Всколыхнулись позабытые чувства единения с Дастом, наша общность сознания в такие моменты, его уверенность и почти безграничная сила, моя слабость перед ним и желание подчиниться… Его нежность, словно обвивающая властную составляющую, что давало потрясающий спектр ощущений… Биение его жизни в унисон с моей, что он так бережно подлатывал собой. Эмоции, что он испытывал все это время разлуки — не слишком долгой, но от этого не менее страшной и ужасающей. Эта мощная агония боли от потери… Отчаяние… Страх на грани с безумием… Злость на весь мир и обстоятельства… Надежда… Печаль… Любовь… И снова страх, когда возвращал к жизни… Ужасный, ни с чем не сравнимый ледяной ужас, скрытый за маской агрессии. И облегчение, когда я шагнула к нему обратно из-за границы смерти. Его обида, но не на меня, а на… Кросса… Друзей, за то, что чуть не уберегли и не сломали окончательно. Страх потерять опять. Не отпускать никогда и ни при каких обстоятельствах, перемешавшись с моим обоюдным желанием никогда не терять его из виду. Не позволять отойти… Не отпускать и держаться за него. И любить… Бесконечно сильно и преданно любить, вопреки покушениям обстоятельств на наши хрупкие в сравнении с ними жизни. И он это тоже чувствует. Льнет сильнее, крепче, желаннее, но как можно нежнее, обволакивая своим шлейфом мою магию, давая собой надежную опору…

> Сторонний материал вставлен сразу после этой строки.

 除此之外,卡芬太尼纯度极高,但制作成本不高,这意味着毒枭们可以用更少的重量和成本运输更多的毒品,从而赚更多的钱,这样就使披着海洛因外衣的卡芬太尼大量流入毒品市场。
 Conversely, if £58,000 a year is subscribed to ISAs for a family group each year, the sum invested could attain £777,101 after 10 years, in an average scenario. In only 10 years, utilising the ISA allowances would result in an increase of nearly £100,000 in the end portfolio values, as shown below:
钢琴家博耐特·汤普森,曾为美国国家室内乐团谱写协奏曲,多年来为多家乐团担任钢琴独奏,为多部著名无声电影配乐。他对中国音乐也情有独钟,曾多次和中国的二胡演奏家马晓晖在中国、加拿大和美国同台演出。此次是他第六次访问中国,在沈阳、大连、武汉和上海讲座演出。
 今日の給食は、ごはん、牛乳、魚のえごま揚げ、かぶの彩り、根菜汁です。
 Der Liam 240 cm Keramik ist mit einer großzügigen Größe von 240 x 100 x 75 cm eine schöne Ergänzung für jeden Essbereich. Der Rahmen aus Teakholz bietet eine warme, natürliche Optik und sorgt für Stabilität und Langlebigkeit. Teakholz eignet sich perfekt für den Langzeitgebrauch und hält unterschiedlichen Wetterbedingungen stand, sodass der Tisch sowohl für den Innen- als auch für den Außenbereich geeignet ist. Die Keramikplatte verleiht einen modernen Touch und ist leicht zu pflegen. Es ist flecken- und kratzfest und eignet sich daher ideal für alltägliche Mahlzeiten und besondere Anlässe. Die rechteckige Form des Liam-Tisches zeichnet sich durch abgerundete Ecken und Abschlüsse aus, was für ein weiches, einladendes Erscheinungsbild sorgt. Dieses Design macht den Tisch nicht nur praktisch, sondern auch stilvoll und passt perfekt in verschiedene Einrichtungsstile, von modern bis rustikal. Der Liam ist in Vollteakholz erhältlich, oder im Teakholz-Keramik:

Он — мой стержень, заменивший сломанный.
Наша связь была восстановлена…
Устало прикрываю глаза и улыбаюсь, чувствуя такое непривычное облегчение из-за исчезнувшей боли, что терзала меня все это время, мучила и не давала нормально смотреть на этот мир. Мешала дышать… Убивала желание жить и бороться, хотя я все для этого делала, пытаясь удержаться на грани.
— Спасибо, птенчик, — шепчет монстр и заметно расслабляется, ощутив, как затянулась на душе эта брешь, оставив лишь шрам в месте, что останется вечным напоминанием о перенесенных страданиях. Даст забирается ко мне под одеяло, и крепко прижимает к себе, как раньше… Зажимая мои ноги между своими бедрами, грея жаром своих крепких костей, напитанных магией. Так надежно и тепло.

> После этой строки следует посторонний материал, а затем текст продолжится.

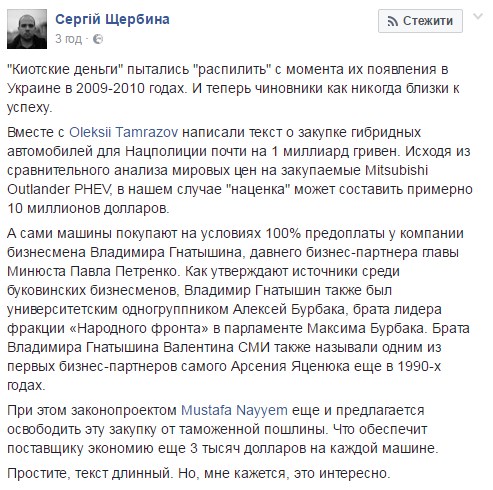 Он уточнил , что машины «покупают на условиях 100% предоплаты у компании бизнесмена Владимира Гнатышина, давнего бизнес-партнера главы Минюста Павла Петренко. Как утверждают источники среди буковинских бизнесменов, Владимир Гнатышин также был университетским одногруппником Алексей Бурбака, брата лидера фракции «Народного фронта» в парламенте Максима Бурбака. Брата Владимира Гнатышина Валентина СМИ также называли одним из первых бизнес-партнеров самого Арсения Яценюка еще в 1990-х годах».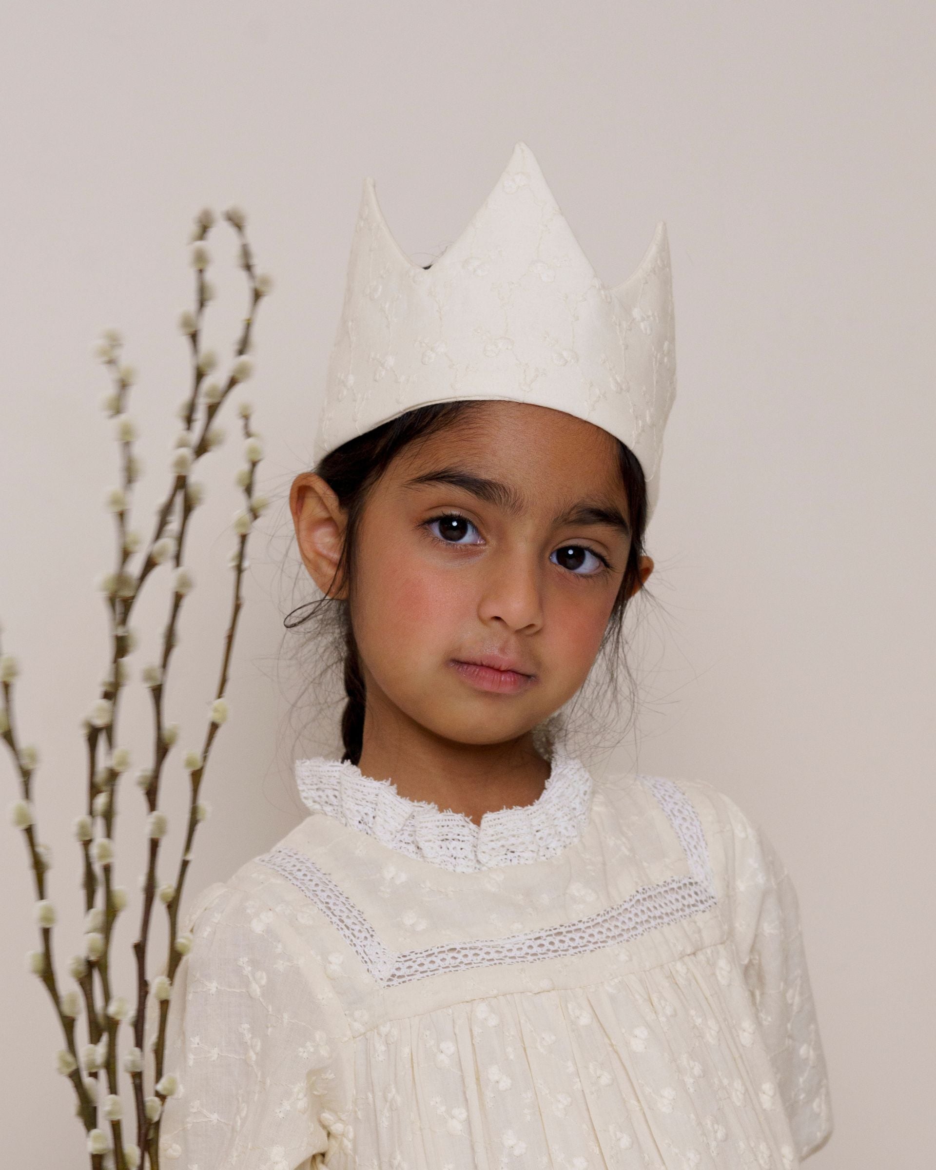 Allover Embroidered Cotton Cambric is a lightweight, finely woven cotton fabric adorned with intricate, allover embroidery. This adds delicate texture and elegance to the soft and breathable base fabric, making it perfect for stylish and comfortable kids’ clothing.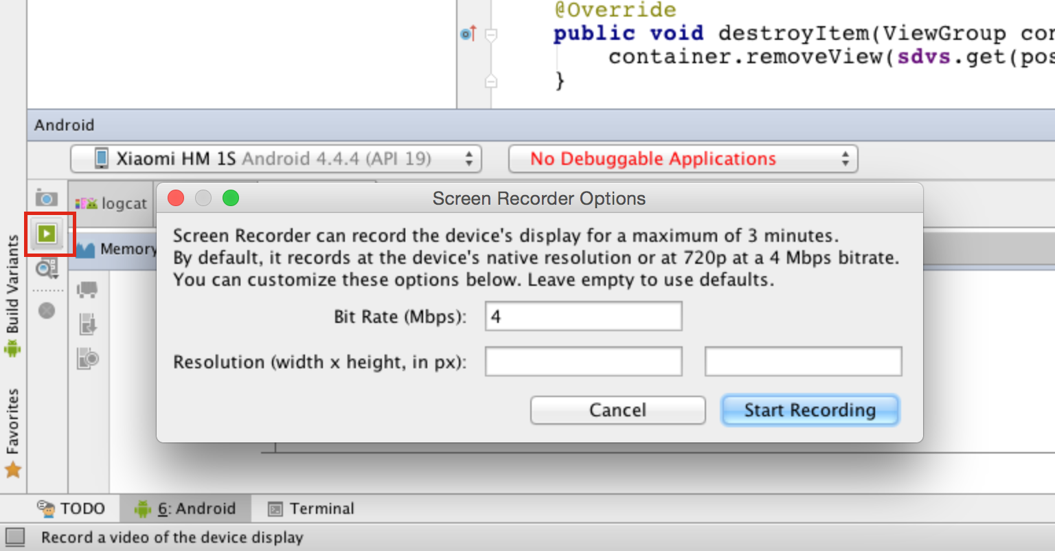 在 Android Studio 最下方的Android欄左邊有一個按鈕(下圖紅框圈出的部分),點擊就可以實現錄屏。還可以選擇比特率、分辨率等,分辨率沒空則采用默認值。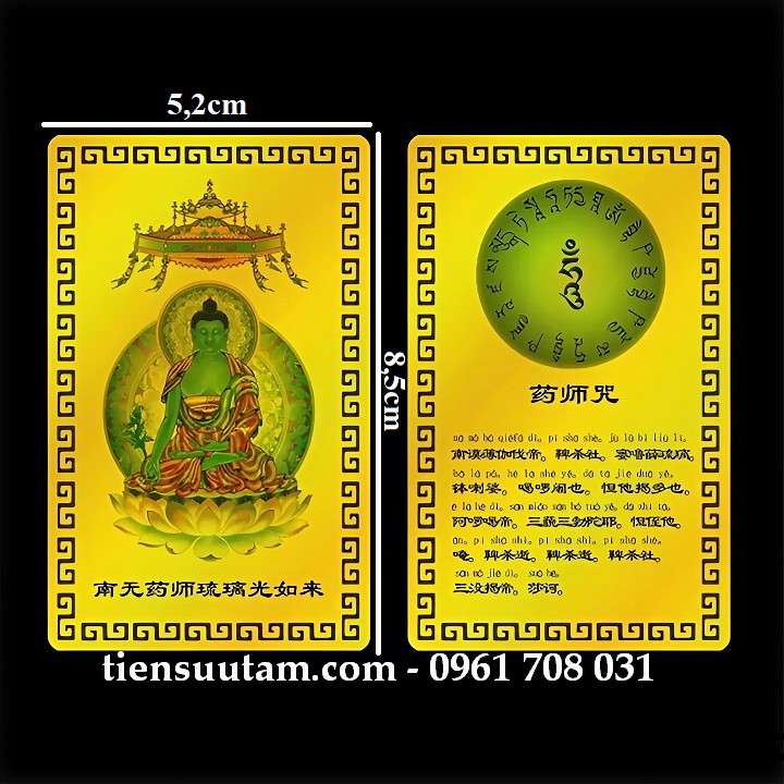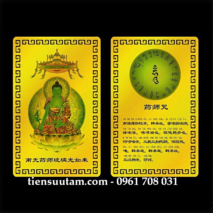 Đóng gói Sản Phẩm gồm : 1x Thẻ Kim Bài Phật Dược Sư Lưu Ly Quang Như Lai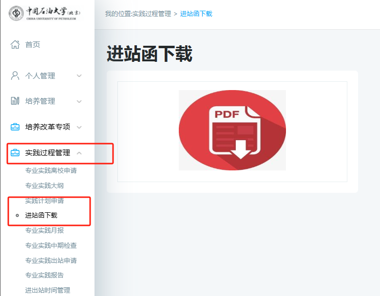 学生提交专业实践离校申请审核流程完成后,系统会自动生成进站函,学生可在研究生管理系统中【实践过程管理】—【进站函下载】界面点击下载。

— Брай… Моя Брай… — он нежно потерся носом о мою щеку, оставляя невесомое касание поцелуя на губах и надолго всматриваясь мерцающим багряным заревом зрачков с синим омутом в мои, сморенные усталостью, — поспи, птенчик. Я разбужу тебя поесть…
Киваю ему и утыкаюсь носом в ключицы, вдыхая дымный запах, которым пропитана его одежда после лесного пожара, смешавшись с его собственным, чуть сладковатым ароматом, от которого у меня всегда сосет под ложечкой.

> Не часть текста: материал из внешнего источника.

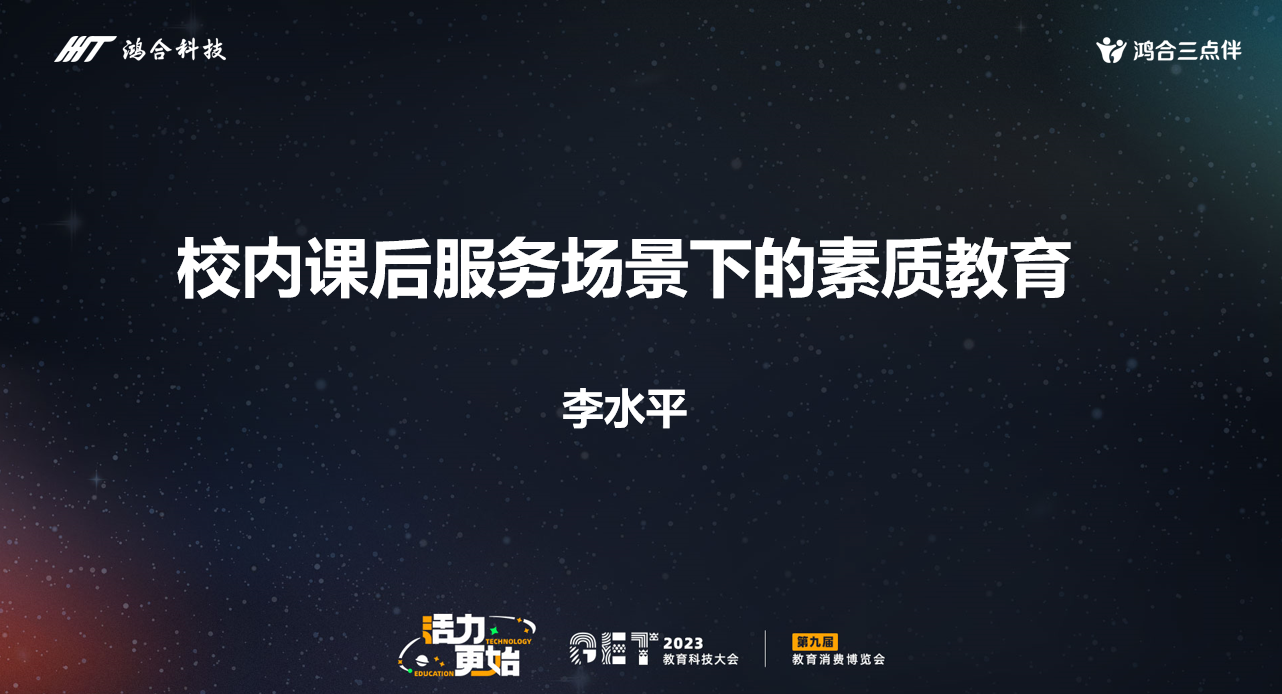 2023年10月17日至19日,芥末堆在北京举办“活力更始•教育与科技的再进一步”GET2023教育科技大会。在18日的素质教育论坛上,鸿合科技副总裁、教育研究院院长李水平博士发表了《校内课后服务场景下的素质教育》主题演讲。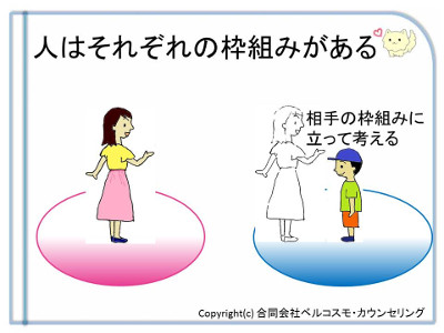 下図のように、『思い遣り』というのは自分というものを相手の考え方の枠組みの中に『遣って』、相手の立場に立って『思う』ことなんです。
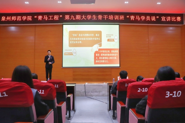 12月3日下午,我校“青马工程”第九期大学生骨干培训班“青马学员说”宣讲比赛在特教第二学术报告厅举行。校团委负责人、青马成长导师、班主任,校第九期青马学员、各二级学院学生代表近200人参加本次活动。

Понимаю, что уснула так быстро, только когда открываю глаза в резком порыве, вздрагивая нервно, словно упала в пропасть и тут же чувствуя, как к себе жмут теплые руки.
— Тшшш, всё хорошо, — снова ласковый голос над ухом, такой любимый,что замирает сердце, — тебе надо поесть, Брай. Слишком ты стала похожа на меня, птенчик, — Даст невесело усмехнулся и отпустил меня, садясь рядом и магией притягивая от костра банку разогретой тушёнки.
Сказать, что я и в самом деле хотела есть – ничего не сказать. Я просто умирала от голода, и горячее тушёное мясо хотелось съесть одним махом, даже не прожевав. И я с трудом удерживаю этот порыв, поедая ужин и обжигая язык под одобрительный взгляд монстра рядом.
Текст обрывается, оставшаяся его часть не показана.